Гиперлипидемия | |
---|---|
Другие имена | Гиперлипопротеинемия, гиперлипидемия |
Образец гиперлипидемической крови объемом 4 мл в вакуумированном контейнере с ЭДТА. Оставив отстаиваться на четыре часа без центрифугирования, липиды разделились на верхнюю фракцию. | |
Специальность | Кардиология |
Дифференциальная диагностика | Гипертриглицеридемия |
Гиперлипидемия - это аномально повышенный уровень любого или всех липидов (жиров, холестерина или триглицеридов) или липопротеинов в крови. Термин гиперлипидемия относится к самому лабораторному обнаружению, а также используется как общий термин, охватывающий любые из различных приобретенных или генетических нарушений, которые приводят к этому обнаружению. Гиперлипидемия представляет собой разновидность дислипидемии и разновидность гиперхолестеринемии. Гиперлипидемия обычно носит хронический характер и требует постоянного приема лекарств для контроля уровня липидов в крови.

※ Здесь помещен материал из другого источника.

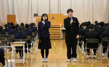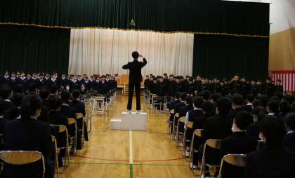 想いを繋ぐ合唱 公開日 2023/03/14 更新日 2023/03/14 芝園の一日 3月14日(火) 卒業式当日、在校生は、会場ではなく教室でオンラインで参加します。 そのため、3年生の生の歌声を聞くことができません。本日の式の練習の後に、3年生から後輩に向けて想いを伝える合唱を披露しました。 3年生が後輩に向けて「一人一人ができること、精一杯がんばってほしい。そして、芝園中頼んだ頼んだ」というメッセージを後輩に託し歌声を届けました。
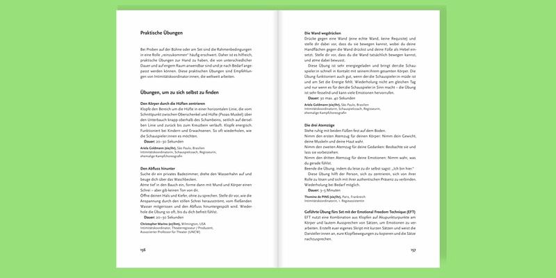 Renommierte Expert:innen teilen in diesem Buch ihre Erfahrungen, stellen Best Practices vor und erläutern bewährte Methoden für die Praxis. Vom genauen Vorgehen im konsensbasierten Arbeiten über sachliche Sprache bis hin zur Erarbeitung spezifischer Choreografien jeder Beitrag beleuchtet einen zentralen Aspekt des Berufs. Ebenso wird die Darstellung queerer Intimität, kultureller Unterschiede und sexualisierter Gewalt eingehend behandelt. Ein umfassender Anhang bietet ein Glossar wichtiger Begriffe, Übersichten zu Weiterbildungsmöglichkeiten und relevanten Verbänden, weiterführende Literatur sowie Beispielmaterialien.
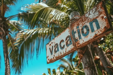 Vacation sign with palm trees on background, vintage toned

Липиды (нерастворимые в воде молекулы) транспортируются в белковой капсуле. Размер этой капсулы или липопротеина определяет ее плотность. Плотность липопротеинов и тип аполипопротеинов, которые он содержит, определяют судьбу частицы и ее влияние на метаболизм.
Гиперлипидемии делятся на первичный и вторичный подтипы. Первичная гиперлипидемия обычно возникает из-за генетических причин (таких как мутация в рецепторном белке), в то время как вторичная гиперлипидемия возникает из-за других основных причин, таких как диабет. Нарушения липидов и липопротеинов распространены среди населения в целом и рассматриваются как изменяемые факторы риска сердечно-сосудистых заболеваний из-за их влияния на атеросклероз. Кроме того, некоторые формы могут предрасполагать к острому панкреатиту.
Гиперлипидемии в основном можно классифицировать как семейные (также называемые первичными), вызванные конкретными генетическими аномалиями, или приобретенные (также называемые вторичными), когда они возникают в результате другого основного заболевания, которое приводит к изменениям в метаболизме липидов и липопротеинов в плазме. Кроме того, гиперлипидемия может быть идиопатической, то есть без известной причины.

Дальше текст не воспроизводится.